Work request - Among the entries below, retype exactly the lines starting with the one with "首先,外文学院党委副书记、学" and going on through the one with "树脂滴落,掩埋在地下千万年,在压力和热力", but not the pictures.
BEGIN Records for processing
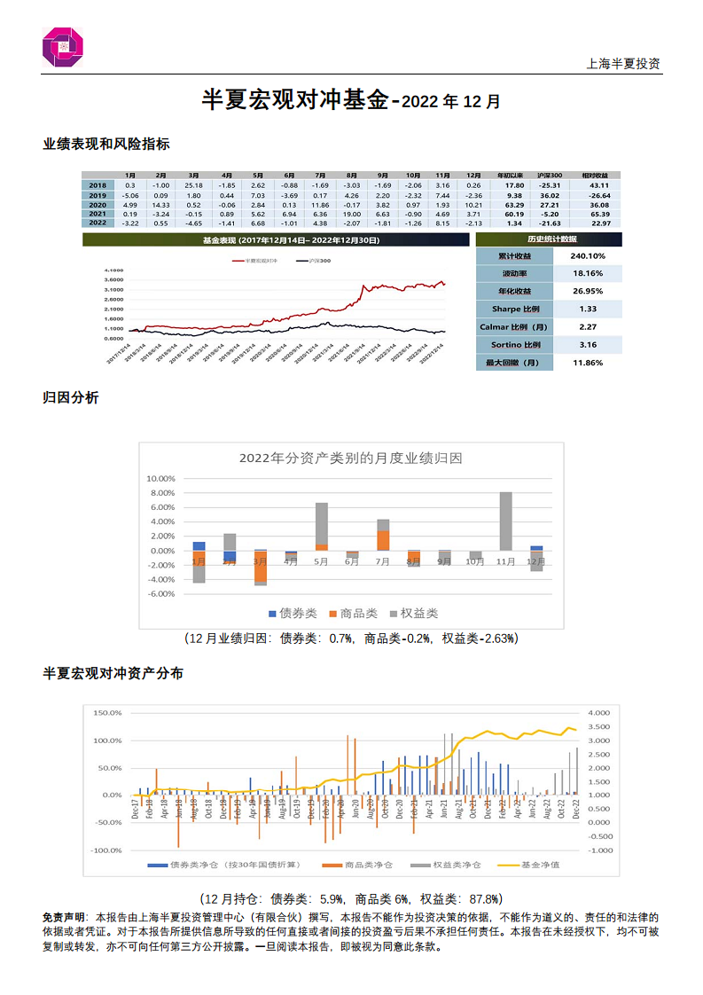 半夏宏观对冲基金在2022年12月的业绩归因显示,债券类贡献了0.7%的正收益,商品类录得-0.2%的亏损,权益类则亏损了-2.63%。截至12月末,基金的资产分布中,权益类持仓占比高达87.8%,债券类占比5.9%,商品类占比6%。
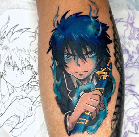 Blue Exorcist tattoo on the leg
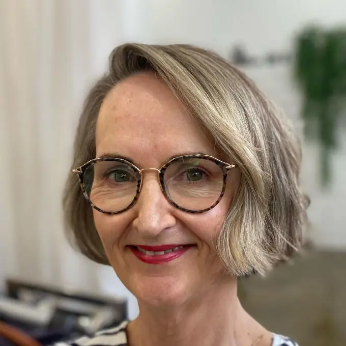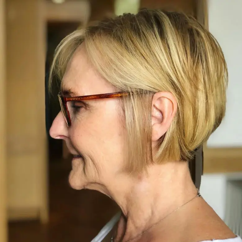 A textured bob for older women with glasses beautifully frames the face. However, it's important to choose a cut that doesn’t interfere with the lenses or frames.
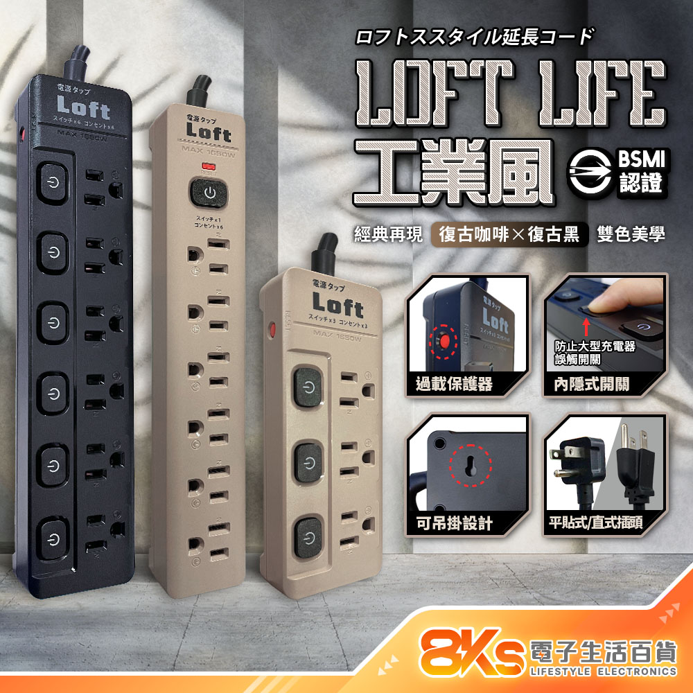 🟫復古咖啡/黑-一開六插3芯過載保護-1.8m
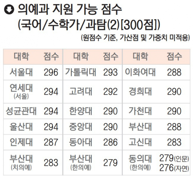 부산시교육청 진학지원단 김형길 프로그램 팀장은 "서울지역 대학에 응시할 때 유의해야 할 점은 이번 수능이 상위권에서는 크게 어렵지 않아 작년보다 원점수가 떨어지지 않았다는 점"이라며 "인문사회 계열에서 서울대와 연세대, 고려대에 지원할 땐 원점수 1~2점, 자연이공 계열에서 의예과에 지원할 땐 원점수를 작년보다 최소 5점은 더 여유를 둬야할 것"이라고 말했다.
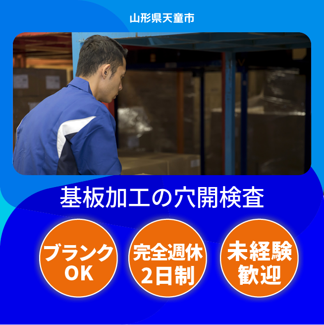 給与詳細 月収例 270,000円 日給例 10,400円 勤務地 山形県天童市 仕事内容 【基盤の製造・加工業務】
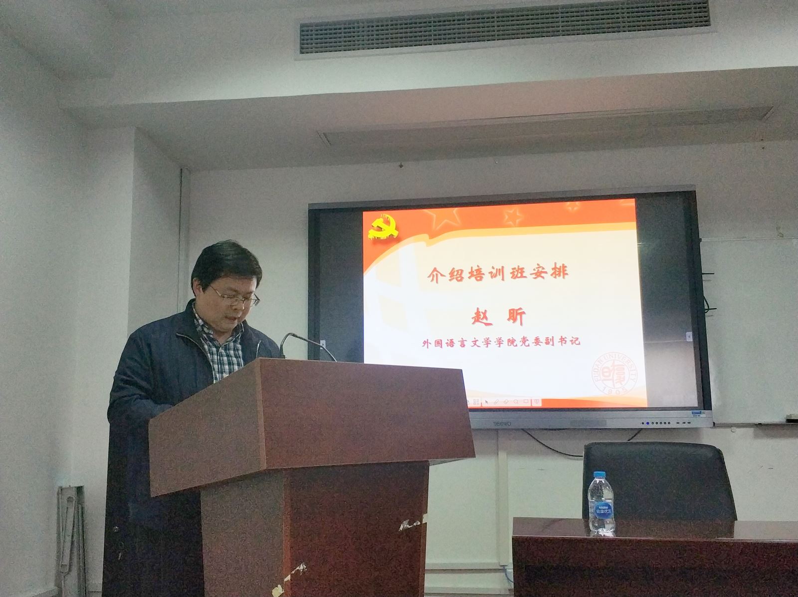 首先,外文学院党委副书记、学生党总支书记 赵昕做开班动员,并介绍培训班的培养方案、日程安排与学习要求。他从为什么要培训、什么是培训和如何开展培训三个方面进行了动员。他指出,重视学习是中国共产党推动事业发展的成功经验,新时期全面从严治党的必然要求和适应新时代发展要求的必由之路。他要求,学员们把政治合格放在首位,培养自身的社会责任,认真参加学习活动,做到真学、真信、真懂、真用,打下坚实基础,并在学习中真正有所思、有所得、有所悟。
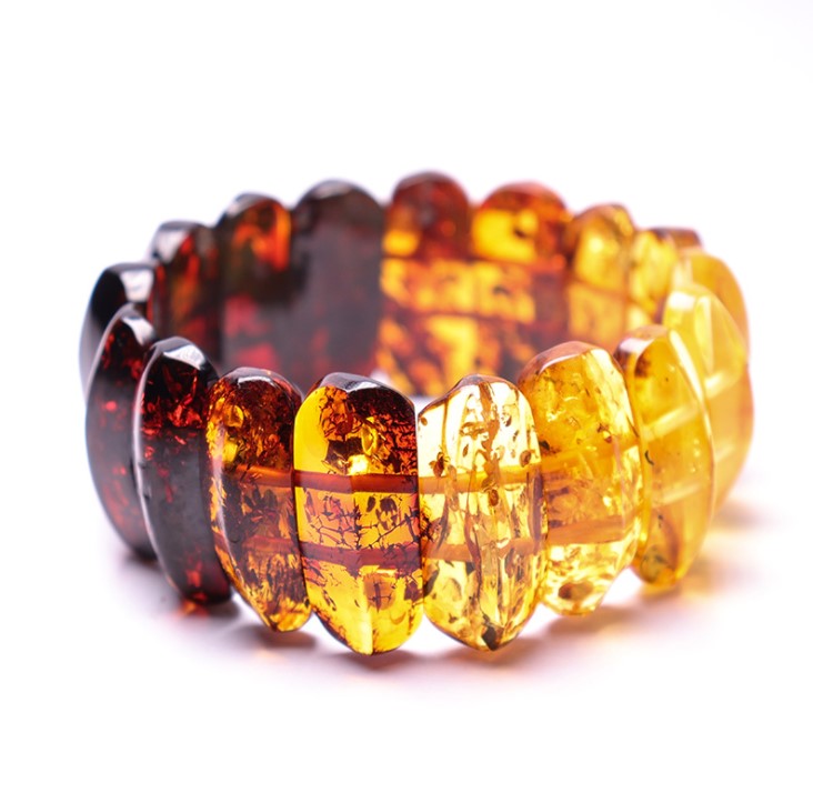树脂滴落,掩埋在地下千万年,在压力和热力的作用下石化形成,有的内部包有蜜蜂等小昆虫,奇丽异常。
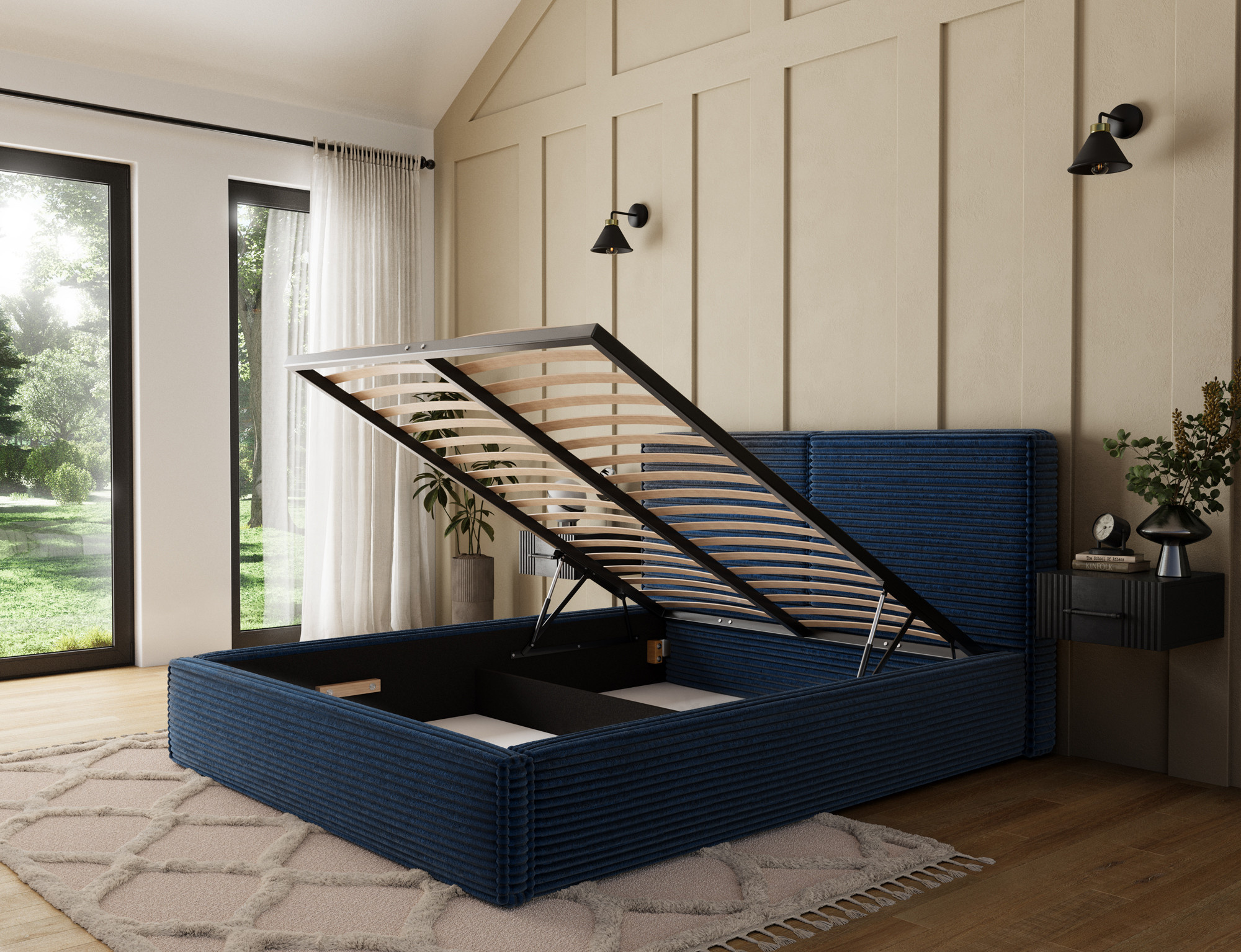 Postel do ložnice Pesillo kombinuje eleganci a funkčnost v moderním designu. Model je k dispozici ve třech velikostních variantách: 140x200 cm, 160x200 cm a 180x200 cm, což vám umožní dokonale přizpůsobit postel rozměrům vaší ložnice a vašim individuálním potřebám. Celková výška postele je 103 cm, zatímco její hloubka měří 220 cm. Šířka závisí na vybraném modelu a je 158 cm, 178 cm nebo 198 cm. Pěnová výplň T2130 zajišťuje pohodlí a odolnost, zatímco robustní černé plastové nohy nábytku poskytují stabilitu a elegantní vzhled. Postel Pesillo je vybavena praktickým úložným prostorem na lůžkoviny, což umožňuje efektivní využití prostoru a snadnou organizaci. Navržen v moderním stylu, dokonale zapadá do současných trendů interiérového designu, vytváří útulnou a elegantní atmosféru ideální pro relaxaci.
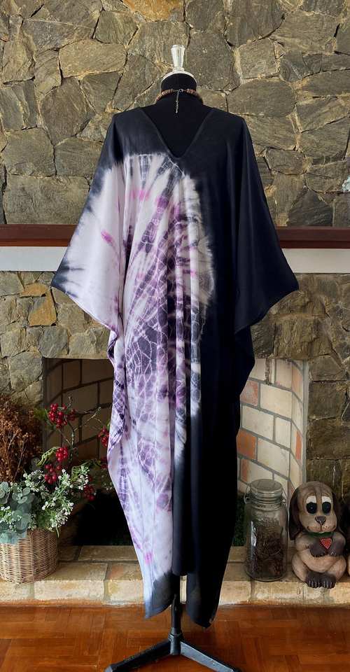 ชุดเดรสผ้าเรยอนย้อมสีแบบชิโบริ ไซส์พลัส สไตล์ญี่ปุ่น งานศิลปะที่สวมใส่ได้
END Records for processing
Answer area -
 首先,外文学院党委副书记、学生党总支书记 赵昕做开班动员,并介绍培训班的培养方案、日程安排与学习要求。他从为什么要培训、什么是培训和如何开展培训三个方面进行了动员。他指出,重视学习是中国共产党推动事业发展的成功经验,新时期全面从严治党的必然要求和适应新时代发展要求的必由之路。他要求,学员们把政治合格放在首位,培养自身的社会责任,认真参加学习活动,做到真学、真信、真懂、真用,打下坚实基础,并在学习中真正有所思、有所得、有所悟。
树脂滴落,掩埋在地下千万年,在压力和热力的作用下石化形成,有的内部包有蜜蜂等小昆虫,奇丽异常。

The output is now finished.